医療関係者向け

関節リウマチに伴う間質性肺炎に対する中等量ステロイドと
免疫抑制薬による治療の有効性と安全性に関する研究

生物学的製剤をはじめとする治療薬の進歩や、様々な臨床研究の結果に基づいた治療戦略により、関節リウマチ(RA)における関節病変の予後は大きく改善しています。一方、RAの関節外病変のひとつである間質性肺炎はRAの治療薬選択への影響や生命予後を規定する因子でもあるという臨床上の重要性にも関わらず、標準的な治療は確立されていません。

RAに伴う間質性肺炎に対する治療として、副腎皮質ステロイド単独投与やアザチオプリン、シクロホスファミド、シクロスポリン、タクロリムスといった免疫抑制薬の併用療法に関する症例報告がされていますが、ステロイドの投与量や免疫抑制薬の選択について良質なエビデンスはなく、個々の臨床医の判断に委ねられているのが実状です。

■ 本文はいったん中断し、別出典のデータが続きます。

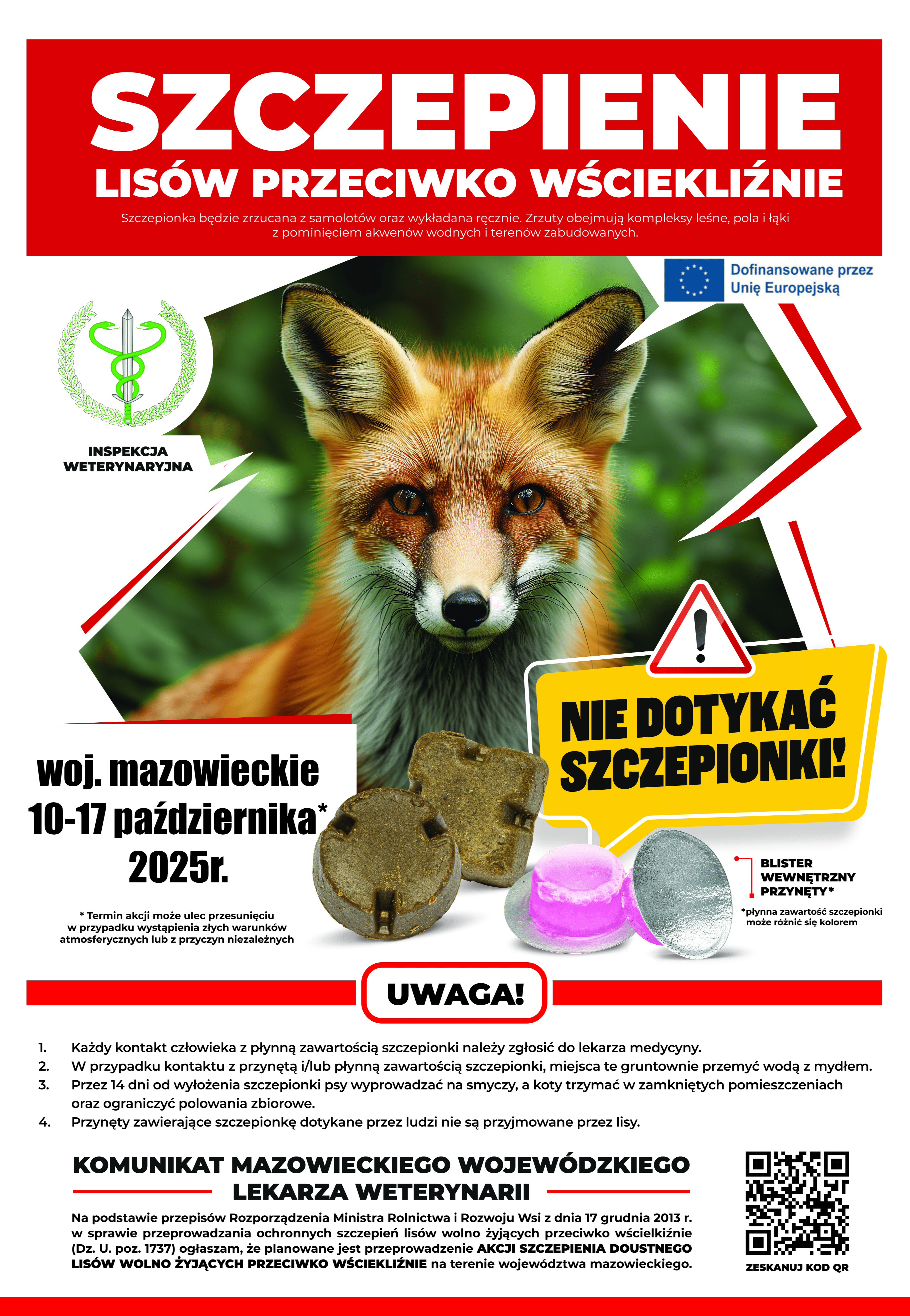 że, w dniach 10 - 17 października 2025 r. na terenie województwa mazowieckiego przeprowadzone zostanie ochronne szczepienie lisów wolno żyjących doustną szczepionką RABADROP
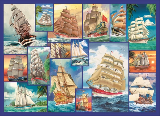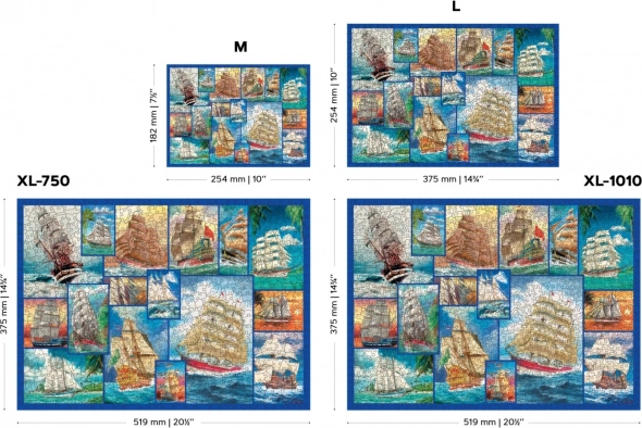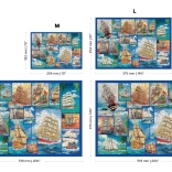 Możliwość układania zarówno według obrazu, jak i kształtu, z motywem żaglowców po jednej stronie oraz powtarzalnym wzorem po drugiej.

この研究ではRAに伴う間質性肺炎に対して、中等量のステロイド[体重(kg)あたり0.5mgのプレドニゾロン]と免疫抑制剤(タクロリムス、器質化肺炎パターンの場合はメトトレキセート)による治療を行い、その有効性と安全性を検討するものです。多施設共同研究として東京医科歯科大学膠原病・リウマチ内科とその関連病院で行っております。

関節リウマチと関節症状を来たしうる他疾患における
リウマスキャンの有用性に関する探索的研究

手指関節炎の画像診断装置として新たに開発された蛍光光学画像診断装置であるRheumascan(以下、リウマスキャン)は、核磁気共鳴画像診断(MRI)や関節超音波検査などに比べて、より簡便に施行でき、検者の技量に依存せずに評価できる可能性があります。リウマスキャンは炎症により亢進した局所の微小循環をインドシアニングリーンの集積として捉えることで関節炎の評価を行います。日本では未認可ですが、既に認可されている欧州において手指関節炎について関節超音波よりも高い感度をもち、造影MRIに匹敵するとの報告もあります。また変形性関節症や乾癬性関節炎においてはRAとは異なる画像パターンが報告されており、RAと手指関節症状を呈する他疾患の鑑別において有用性が期待されています。本研究ではRAを中心とする手指関節症状をきたし得る疾患において、リウマスキャンの所見とその経時的変化を比較することにより、これらの疾患の診断におけるリウマスキャンの有効性を検討します。